"""
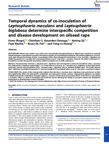Temporal dynamics of co-inoculation of Leptosphaeria maculans and L. biglobosa determine interspecific competition and disease development on oilseed rape : Co-inoculation timing affects disease development
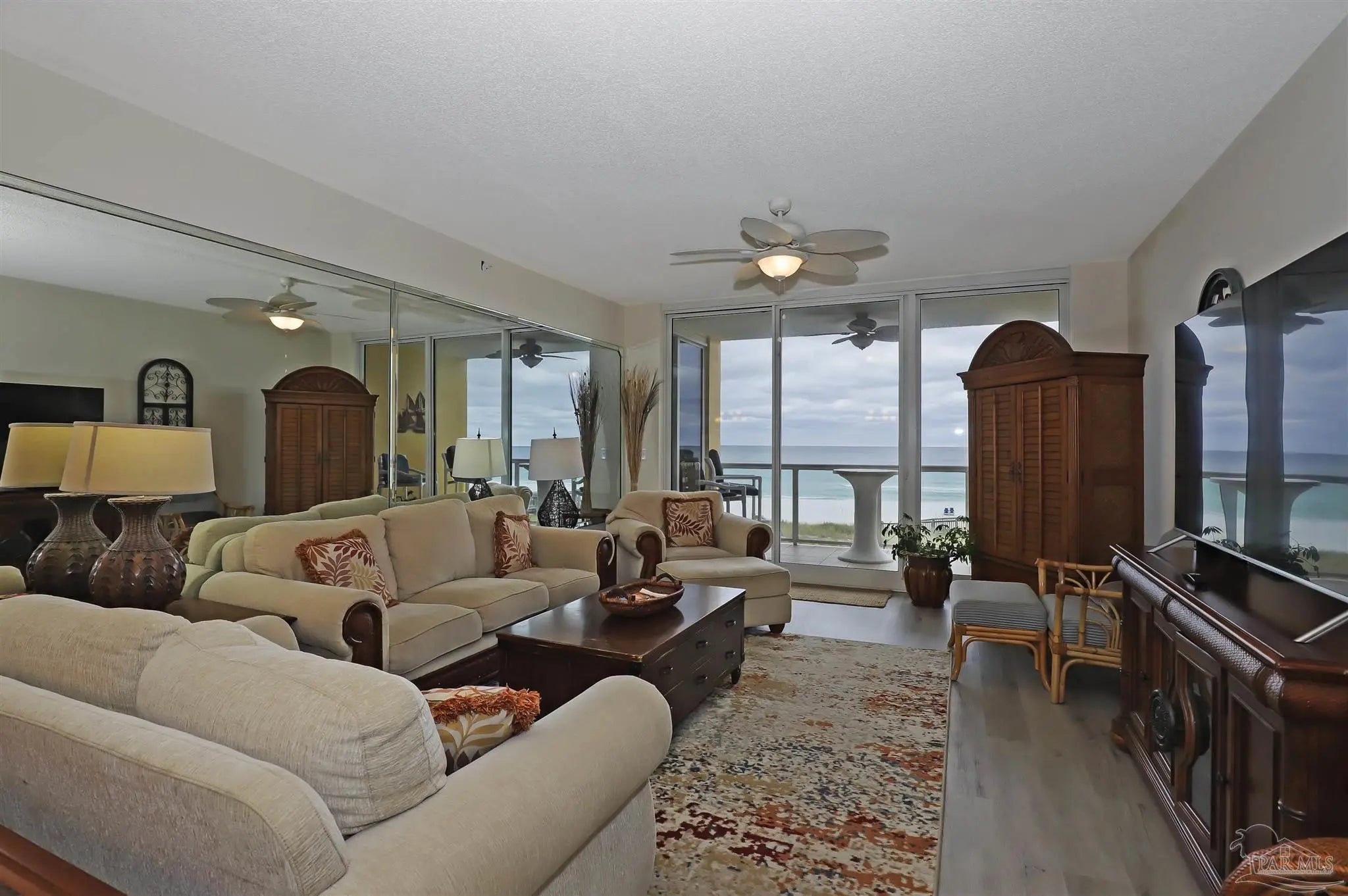 3BR/2BA Navarre Gulf-front condo (1999). 1,784 sf. Renovated w/ quartz counters, floor-to-ceiling windows & private balcony. Direct beach access & pool. Unbelievable Gulf views await from this stunning second-story, furnished unit in the highly sought-after Caribbean Resort on Navarre Beach. Floor-to-ceiling windows in both the living room and primary bedroom showcase the turquoise waters of the Gulf, creating a breathtaking backdrop for everyday living. The Gulf-front primary suite offers private balcony access, allowing you to wake up to the sound of the waves and sweeping views of the shoreline. In addition to the primary suite, there are two full-sized bedrooms and a total of two beautifully updated bathrooms. The unit has been tastefully renovated and stylishly appointed, featuring luxury vinyl flooring, modern kitchen cabinetry, and elegant quartz countertops. Step out onto the spacious balcony to take in even more panoramic views up and down pristine Navarre Beach. Additional features include an in-unit washer and dryer and a separate storage area perfect for beach gear. Resort-style amenities include a beachfront pool, whirlpool spa, and direct beach access with walkover and outdoor showers. Whether you’re looking for a primary residence, second home, or lucrative investment property, this condo delivers it all. Enjoy private Gulf-front vistas from your balcony and serene Santa Rosa Sound views when entering or exiting the condo. From sunrise coffee overlooking the ocean to peaceful walks on the sugar-white sands and the iconic Navarre Beach Pier, this property offers the best of coastal living with 9-foot ceilings and unmatched luxury.
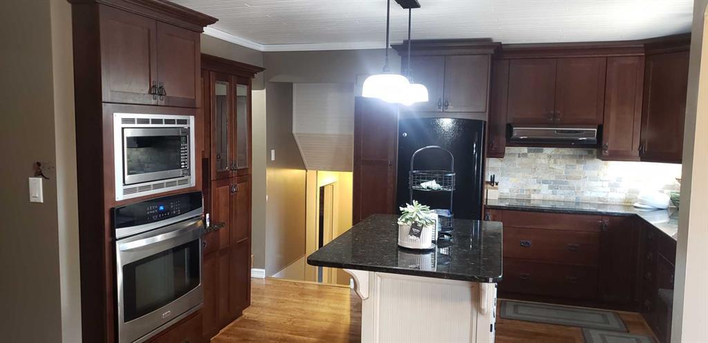 Welcome to well cared 4 level home, over 2000sqft of living space on massive lot in quiet cul-de-sac with back lane access. Once you enter, you will find a decent sized living area, dinning area and kitchen with very nice cabinets and island with seating capacity. On upper level there are 2 Bedrooms, 4pc bathroom and a master bedroom with 2 double closets and 2 pc en-suite. On lower level there is rec room with 4 pc bath. In basment, there is another bedroom, den and laundry. There is huge backyard with over sized double car garage, storage and plenty of parking for RV as well. Wonderfull property with schools and shoping nearby. (id:22211)
"""
• THE TASK
Reproduce the data verbatim and omit each image.

• RESULT OF THE TASK
Temporal dynamics of co-inoculation of Leptosphaeria maculans and L. biglobosa determine interspecific competition and disease development on oilseed rape : Co-inoculation timing affects disease development
 3BR/2BA Navarre Gulf-front condo (1999). 1,784 sf. Renovated w/ quartz counters, floor-to-ceiling windows & private balcony. Direct beach access & pool. Unbelievable Gulf views await from this stunning second-story, furnished unit in the highly sought-after Caribbean Resort on Navarre Beach. Floor-to-ceiling windows in both the living room and primary bedroom showcase the turquoise waters of the Gulf, creating a breathtaking backdrop for everyday living. The Gulf-front primary suite offers private balcony access, allowing you to wake up to the sound of the waves and sweeping views of the shoreline. In addition to the primary suite, there are two full-sized bedrooms and a total of two beautifully updated bathrooms. The unit has been tastefully renovated and stylishly appointed, featuring luxury vinyl flooring, modern kitchen cabinetry, and elegant quartz countertops. Step out onto the spacious balcony to take in even more panoramic views up and down pristine Navarre Beach. Additional features include an in-unit washer and dryer and a separate storage area perfect for beach gear. Resort-style amenities include a beachfront pool, whirlpool spa, and direct beach access with walkover and outdoor showers. Whether you’re looking for a primary residence, second home, or lucrative investment property, this condo delivers it all. Enjoy private Gulf-front vistas from your balcony and serene Santa Rosa Sound views when entering or exiting the condo. From sunrise coffee overlooking the ocean to peaceful walks on the sugar-white sands and the iconic Navarre Beach Pier, this property offers the best of coastal living with 9-foot ceilings and unmatched luxury.
 Welcome to well cared 4 level home, over 2000sqft of living space on massive lot in quiet cul-de-sac with back lane access. Once you enter, you will find a decent sized living area, dinning area and kitchen with very nice cabinets and island with seating capacity. On upper level there are 2 Bedrooms, 4pc bathroom and a master bedroom with 2 double closets and 2 pc en-suite. On lower level there is rec room with 4 pc bath. In basment, there is another bedroom, den and laundry. There is huge backyard with over sized double car garage, storage and plenty of parking for RV as well. Wonderfull property with schools and shoping nearby. (id:22211)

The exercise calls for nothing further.